So we come to Christ and we think that we continue to operate under threat in order to do right. We think that “sanctification” involves a continued threat of punishment, and better mechanism to somehow obey or fulfill the law. In fact what has happened is that since the threat of condemnation has been taken away in Christ, just by simple belief we have landed ourselves back in a unified conception of the good. We have died to the law in Christ (Romans 7:4), so that since there is no longer any threat or coercion, we only have the aesthetic good left. As Paul says, “All things are lawful, but not all things are profitable.” (1 Corinthians 6:12) It is no longer an issue of fear of condemnation, but of what is profitable or desirable.
Do you see what I am saying here? Because the threat of punishment is genuinely removed through simple faith in the power of Christ’s blood, all things have become permissible. It is not a question of what things you can do without being condemned. In Christ you cannot be condemned. The whole appeal of the forbidden is over with. It becomes a question of what is best. In Christ you can think your own thoughts. Like the woman caught in adultery, there is no one on earth who can condemn you, and even God does not condemn you though you are genuinely guilty. What is left is your freedom. Go your way and sin no more. If it isn’t your way, it is still sin if you act from coercion and threat. Your heart must choose being mastered by the good or it isn’t really good! You now have the freedom to choose what is best because it “masters” you – you choose the good because you love it. This is the only true virtue anyway. When you choose sin you choose the lesser of aesthetic goods, and because there is no condemnation you are able to easily confess and repent without regret (2 Corinthians 7:10), and receive experiential cleansing in order to choose the right way from the heart.
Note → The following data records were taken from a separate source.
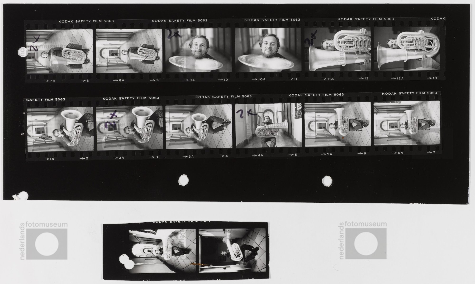 Portret Donald Blakely, tubaspeler C.O. orkest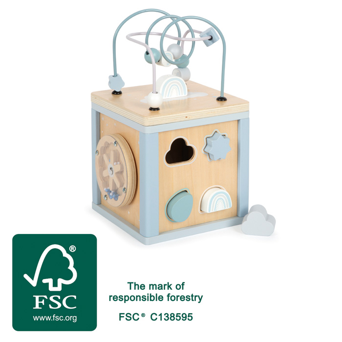 A cube full of options! This lovingly designed motor skills cube made of FSC® 100%-certified wood combines five exciting playing areas in soft pastel shades with diverse playing and learning options. Here, motor skills loops, shape insertion game, cog wheels, sliding maze and rattle wheel invite to playful moments rich in variety and support fine motor skills and dexterity in a playful manner as well as the recognition of shapes and colours. Rounded-off edges and high-quality workmanship make the cube not only a safe learning toy, but also a decorative eye-catcher in the child’s room. The cover can be removed and stored with minimum space requirement in the cube – perfect for people who love tidiness.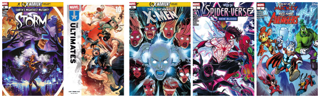 Storm #6; Ultimates #10; Uncanny X-Men #11; Web of Spider-Verse: New Blood #1; What If..Mickey & Friends Became The Avengers #1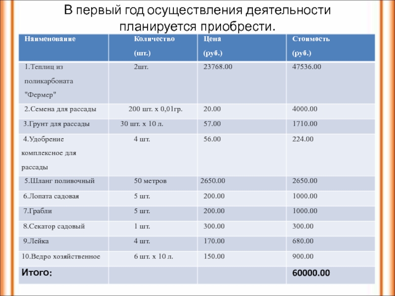 Слайд 15В первый год осуществления деятельности планируется приобрести.
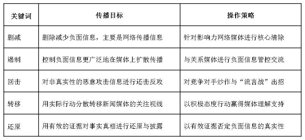 在解决顾客诉求之后,信息战走向前台,通过正面信息诉求引导,使社区电商从负面信息的漩涡中走出来。社区电商应进行积极而正面的信息沟通,首要用正确且正面信息传播去消解负面信息带来的不良影响。信息“解毒”的关键是去毒(祛除负面信息)、控毒(防止负面信息蔓延)、抑毒(用正面信息抑制负面信息)、化毒(用事实真相让揭穿负面信息的谎言)。对此,可用五个关键词来概括,见表2。

Finally, through the blood of Jesus the law is fulfilled, and the Holy Spirit is thus able to bless us with His presence. We have the unction and empowerment to walk in powerful gifting and revelation and supernatural truth. We have a Helper. The whole Christian life becomes, not a question of lawfulness, but of love and gifting and service for the good of the body (Romans 12:3-8). If we think that we gain access to the unction and presence of the Holy Spirit by a sinless avoidance of threat, we err. The Holy Spirit honors Jesus’ blood in coming to us, not our flawed filthy-rags righteousness. In Christ we can always expect the favor and help and kindness of God poured out over us despite our daily need of mercy and grace. We have daily mercy and grace, and so the Holy Spirit is poured out within us day by day.